◆ Input ◆
=== Section Start ===

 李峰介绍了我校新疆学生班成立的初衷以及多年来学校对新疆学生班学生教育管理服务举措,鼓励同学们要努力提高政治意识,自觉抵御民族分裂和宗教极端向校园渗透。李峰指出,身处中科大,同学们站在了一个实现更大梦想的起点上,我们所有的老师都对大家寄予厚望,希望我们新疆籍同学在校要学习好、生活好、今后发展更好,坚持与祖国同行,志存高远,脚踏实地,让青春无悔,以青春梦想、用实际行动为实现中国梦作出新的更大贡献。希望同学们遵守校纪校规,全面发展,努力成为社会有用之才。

=== Section End ===
=== Section Start ===

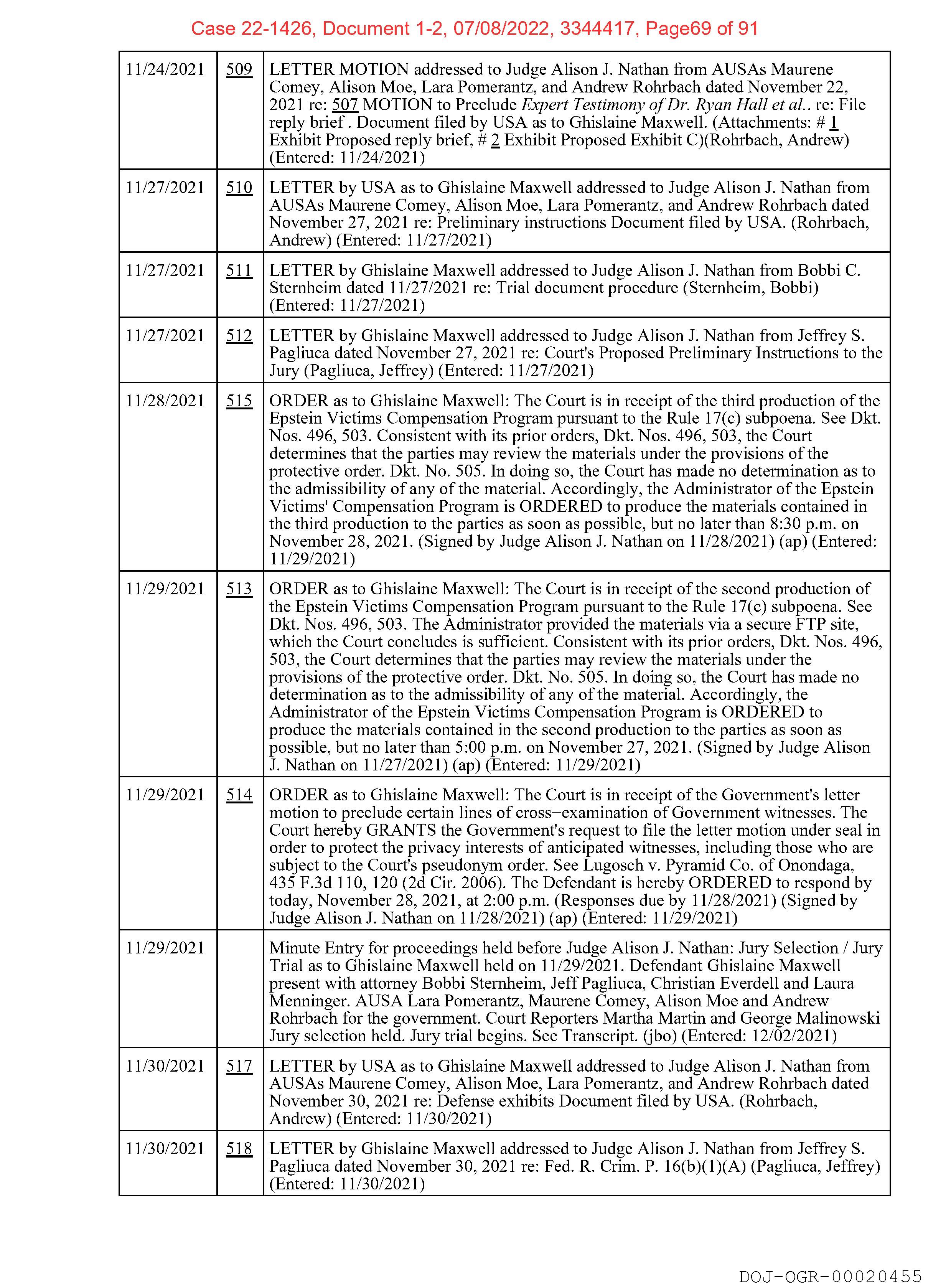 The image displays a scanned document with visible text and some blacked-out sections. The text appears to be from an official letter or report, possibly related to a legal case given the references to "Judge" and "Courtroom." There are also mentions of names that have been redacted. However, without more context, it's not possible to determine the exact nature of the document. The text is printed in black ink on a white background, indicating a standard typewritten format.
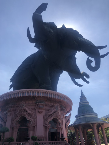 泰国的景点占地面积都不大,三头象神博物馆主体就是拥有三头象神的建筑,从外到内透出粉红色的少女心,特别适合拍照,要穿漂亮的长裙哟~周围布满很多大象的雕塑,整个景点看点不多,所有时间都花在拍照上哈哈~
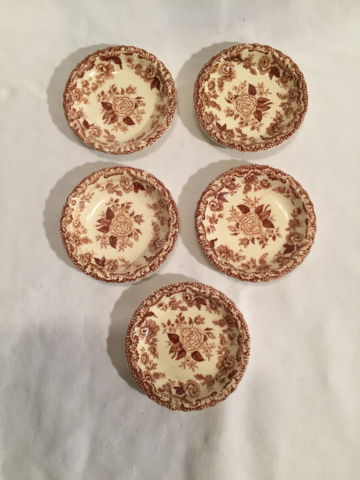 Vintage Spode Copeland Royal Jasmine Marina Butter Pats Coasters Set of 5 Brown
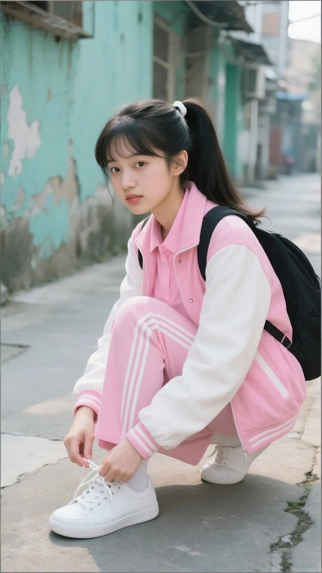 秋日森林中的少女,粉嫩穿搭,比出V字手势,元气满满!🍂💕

=== Section End ===
=== Section Start ===

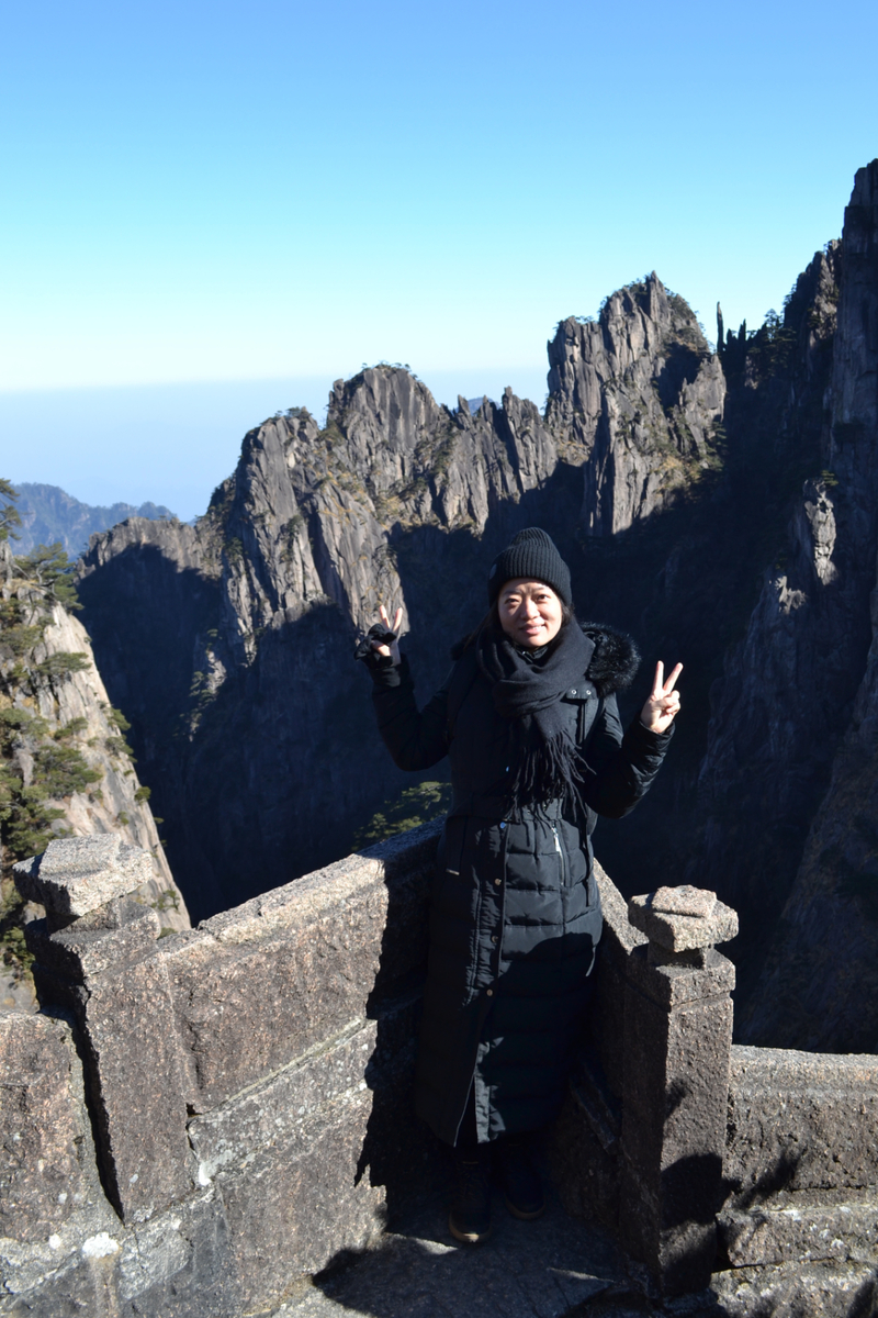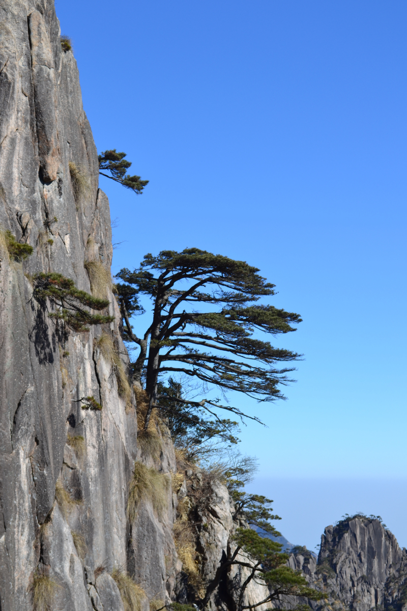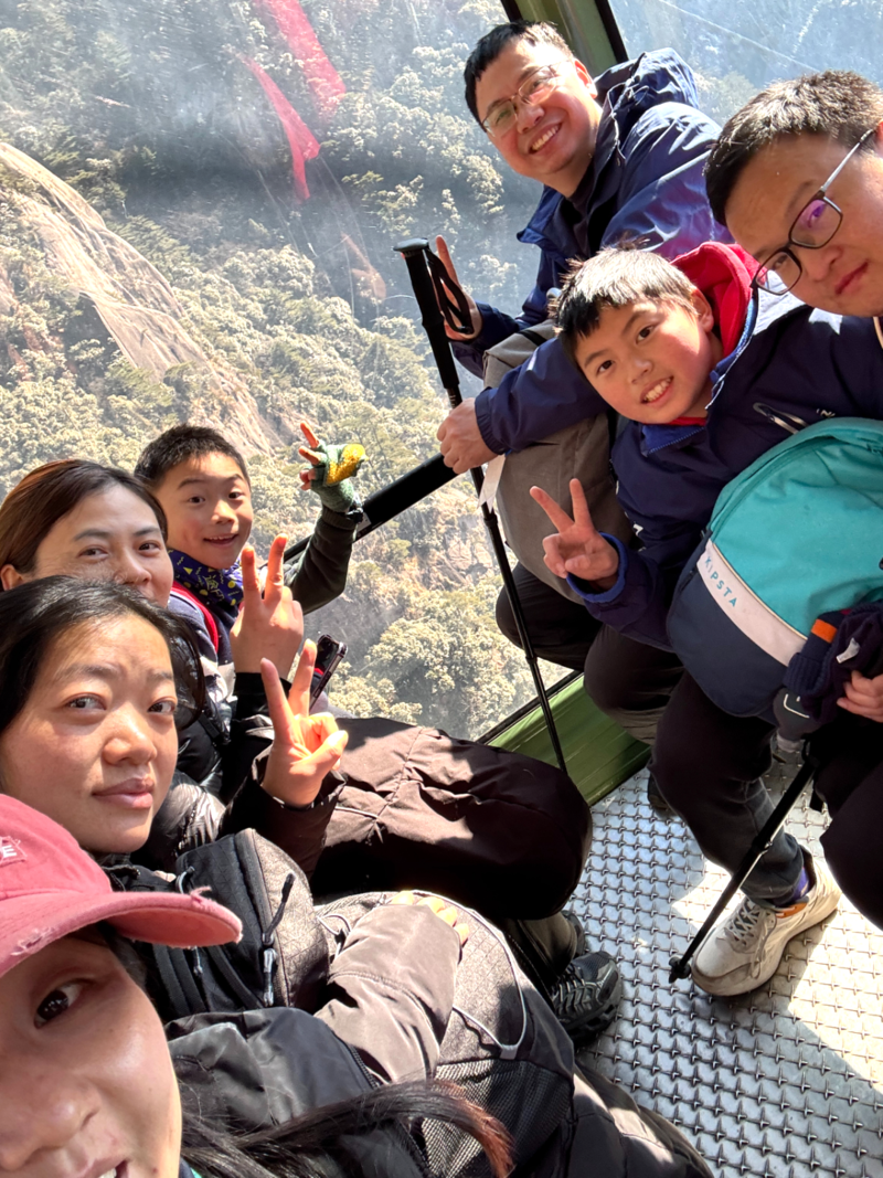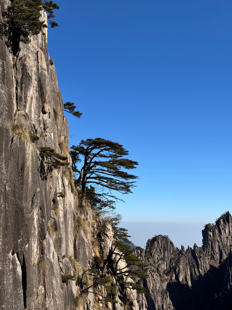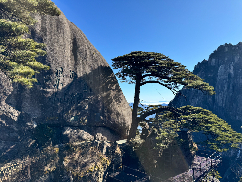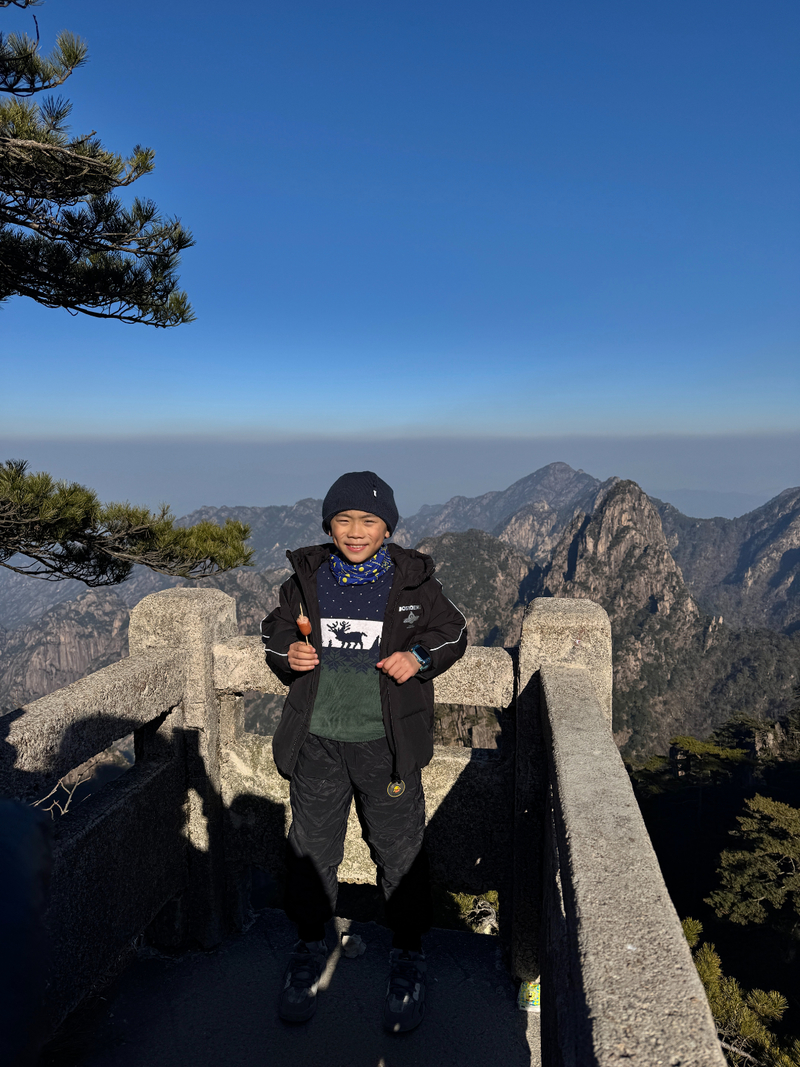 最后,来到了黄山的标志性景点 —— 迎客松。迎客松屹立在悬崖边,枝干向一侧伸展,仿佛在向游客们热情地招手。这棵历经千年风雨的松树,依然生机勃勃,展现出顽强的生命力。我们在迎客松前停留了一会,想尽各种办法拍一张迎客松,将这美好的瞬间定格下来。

=== Section End ===

◆ Brief ◆
Look above for the line with "Vintage Spode Copeland" and the line with "秋日森林中的少女,粉嫩穿搭,比出V字手势,元气满满!🍂💕". Give again exactly those two lines and all lines between them, pictures excluded.

◆ Expected answer ◆
 Vintage Spode Copeland Royal Jasmine Marina Butter Pats Coasters Set of 5 Brown
 秋日森林中的少女,粉嫩穿搭,比出V字手势,元气满满!🍂💕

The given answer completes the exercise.